With respect, the qbyte solution is unnecessarily abstruse. This is much simpler:

Start with a square, and inscribe a circle inside it. Inscribe another square inside the circle.           
           
By twisting the small square around by half a right angle, we can see that its area is half that of the larger square. (Socrates)           
           
Draw a diagonal of the large square.
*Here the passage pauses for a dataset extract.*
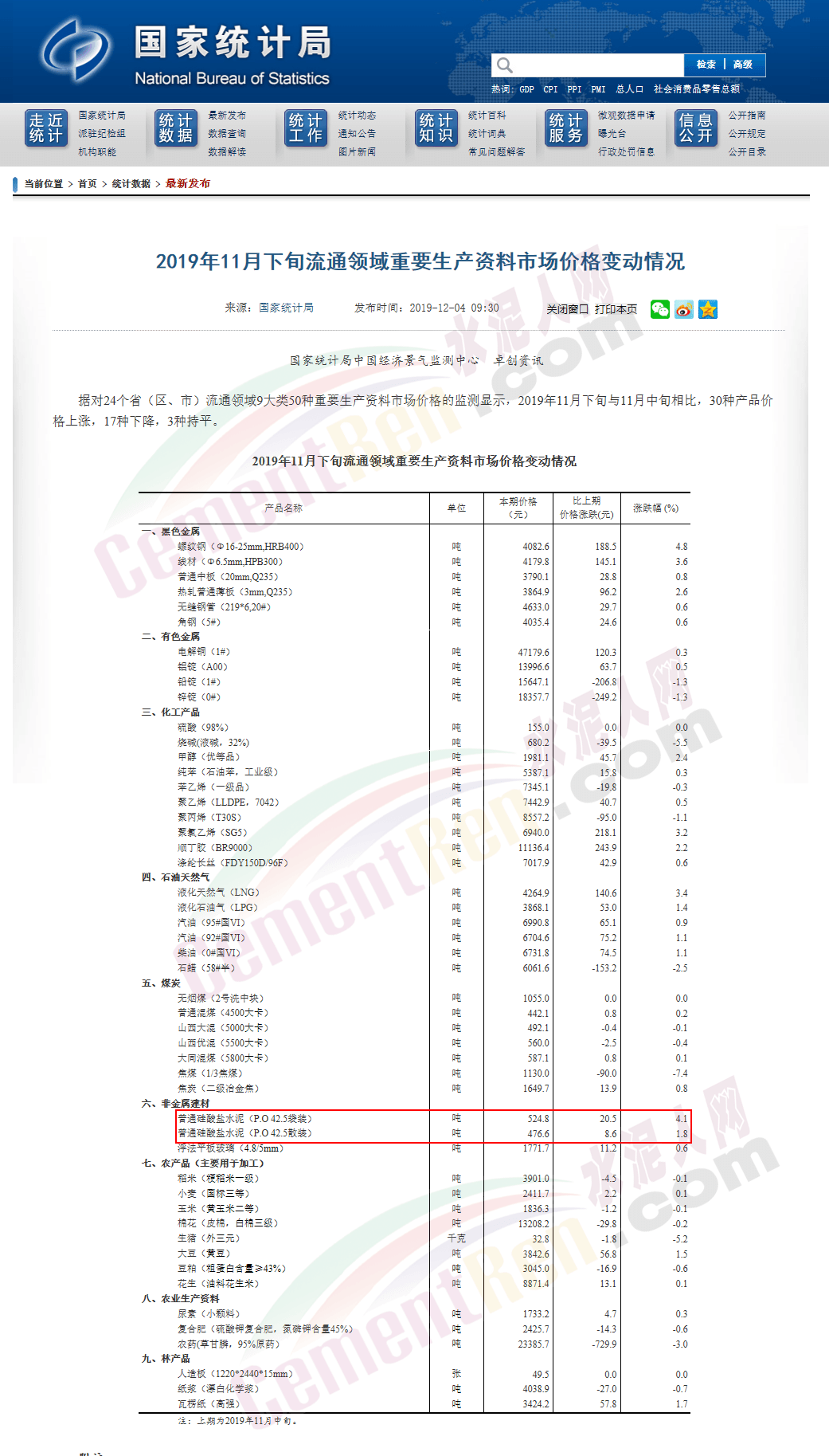 國(guó)家統(tǒng)計(jì)局近期對(duì)24個(gè)省(區(qū)、市)流通領(lǐng)域9大類(lèi)50種重要生產(chǎn)資料市場(chǎng)價(jià)格的監(jiān)測(cè)數(shù)據(jù)顯示,2019年11月下旬與11月中旬相比,30種產(chǎn)品價(jià)格上漲,17種下降,3種持平。其中非金屬建材普通硅酸鹽水泥(P.O 42.5袋裝)均價(jià)524.8元/噸,較上期上漲20.5元/噸,漲幅4.1%;普通硅酸鹽水泥(P.O 42.5散裝)均價(jià)476.6元/噸,較上期上漲8.6元/噸,漲幅1.8%。這個(gè)價(jià)格已超過(guò)2018年的最高點(diǎn),創(chuàng)2011年以來(lái)的最高價(jià)。
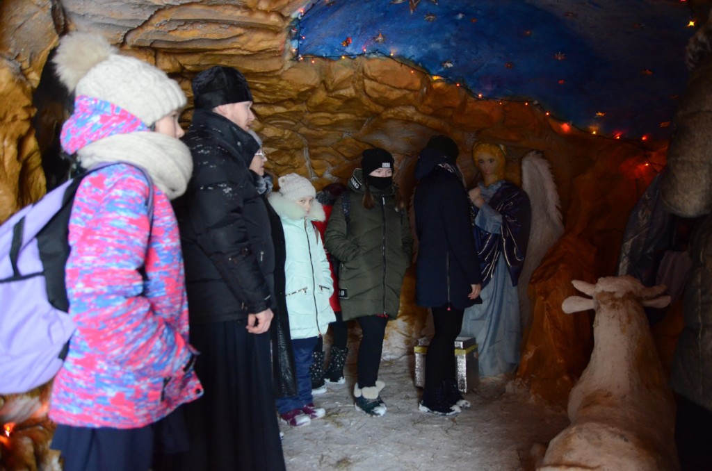 В холле Духовно-просветительского центра разместилась выставка, составленная по итогам конкурса, с которой ребята смогли ознакомиться. После награждения юным художникам и их педагогам отец Алексей показал снежный вертеп, расположенный на территории собора.

This splits the circle in half.           
           
We can see at once that if the corners of the small square that are on the diagonal are joined up to the sides of the large one, we will have the desired square.           
           
Using Socrates again, we can see that a square whose side is the radius of the circle will have exactly half the area of the small square. Call this a 'diagonal square'.           
           
Since the large square is twice the size of the small square, the large square is 4 times the size of the diagonal square. Since the circle is larger than the small square, but smaller than the large square, it must be about 3 times the size of the diagonal square.            
           
Call this number (3), as we're not sure it is exactly 3.           
           
So the ratio of the small square to the circle is 2:(3), and the ratio of the small square to half the circle is 4:(3)           
           
Looking at the desired square, we can see that its size is almost exactly half the difference between the small square and the large one. There are just 2 small triangular pieces unaccounted for on the diagonal.           
           
So the ratio of the desired square to the small square is (3/2); not exactly 3/2, but close to it.           
           
Multiplying, the ratio of the desired square to the circle is 4*(3/2):(3).  Since we want the ratio of the circle to the desired square, we simply switch the numbers: (3):4*(3/2)           
           
That is in fact the solution, but we could be more precise with the '(3/2)':            
           
Draw a vertical line through the centre of the diagram.           
           
The side of the desired square is half the side of the small square(ss), plus half the side of the large square(ls).           
           
As we need to square that, we need to know that 1/2*1/2 = 1/4.           
           
But 4 * 1/4 = 1, so we now simply have (3):(ss+ls)^2           
           
Now all we need to know is that (3)='pi' , and ls is 'rt2' times ss: pi/(1+rt2)^2.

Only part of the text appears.